14.3.19

Brexit – masoquismo e sadomasoquismo

Por C. Barroco Esperança

É difícil a um convicto europeísta entender a obstinação do Parlamento inglês que, após a vitória do Brexit, perante claros indícios de que o resultado de um novo referendo não se repetiria, persiste na cega determinação de reduzir o Reino Unido a uma pequena Inglaterra e País de Gales, sem viabilizar uma nova consulta eleitoral.
Que interesses ou ambições pessoais oculta a renúncia a outro referendo?
Cameron, oportunista e cobarde, foi responsável pelo isolamento britânico que está em vias de consumar-se, arrastando a UE na irrelevância para que caminha o RU. Nem a senhora May nem Jeremy Corbyn desejam consultar de novo o eleitorado, numa matéria que condiciona o futuro das novas gerações de um e de outro lado do Canal da Mancha.
O Reino Unido perde grandes empresas, diminui o poder de compra dos seus cidadãos e isola-se, convencido de que é o mundo que fica separado do Império Britânico, e arrisca tornar-se mais dependente dos EUA onde a política de Trump não lhe augura segurança.
A União Europeia, por maiores que sejam as críticas que mereça, poderia sempre vir a ser o que os seus Estados quisessem, construir o modelo que desejassem e tornar-se a potência que o PIB e a população, superiores aos EUA, permitia.
A União Europeia deixa de contar com a segunda economia e as mais poderosas Forças Armadas.
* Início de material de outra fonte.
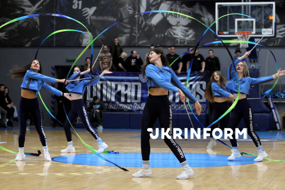 Група підтримки виступає під час першого матчу 1/4 фіналу чемпіонату України з баскетболу серед команд Суперліги між БК “Дніпро” і БК “Черкаські Мавпи”, що завершився з рахунком 93:62 на користь дніпровської команди, у СК “Шинник”, Дніпро, 4 квітня 2026 року.

Numa vitória de Pirro, Boris Johnson derrotou Cameron, pois a promessa do referendo, para ganhar eleições, resultou na humilhação do último e na falta de soluções do primeiro, incapaz de medir as consequências.
O Reino Unido prefere o isolamento, e a UE perde a sua maior potência militar, a única nuclear, além da França, e a mais sólida e antiga democracia. O RU era a vacina contra a tentação autoritária do eixo franco-alemão e a deriva fascizante que regressa à Europa.
 A desilusão dos ingleses acompanhou a onda populista e radical da UE, enquanto o PPE combatia os partidos progressistas de todos os países, incluindo o Partido Trabalhista britânico, que se bateu pela permanência, com o sacrifício da sua deputada Jo Cox, símbolo da união do projeto europeu, adversária da xenofobia e da visão conservadora e monetarista da UE.
O Reino Unido arrisca a secessão da Escócia e do País de Gales e convulsões na Irlanda do Norte, enquanto a UE, com o estímulo de Trump e Putin, se expõe à desintegração de Espanha, Itália e Bélgica, com a Córsega a chantagear a França e todo o seu espaço em risco de exacerbar velhos nacionalismos e redefinir novas fronteiras.
A geografia política da Europa não é imutável nem pacífica; não é perpétua a liberdade nem vitalícia a democracia; os países também não são eternos.
A uma União Europeia fragmentada não insistirá no pedido de adesão a Turquia, é esta que há de vê-la como mais um Curdistão.
Não sei se a rejeição, ontem, do cenário de Brexit sem acordo – em qualquer momento e em qualquer circunstância –, abrirá uma janela de oportunidade para reparar o erro. Só quatro votos salvaram a votação.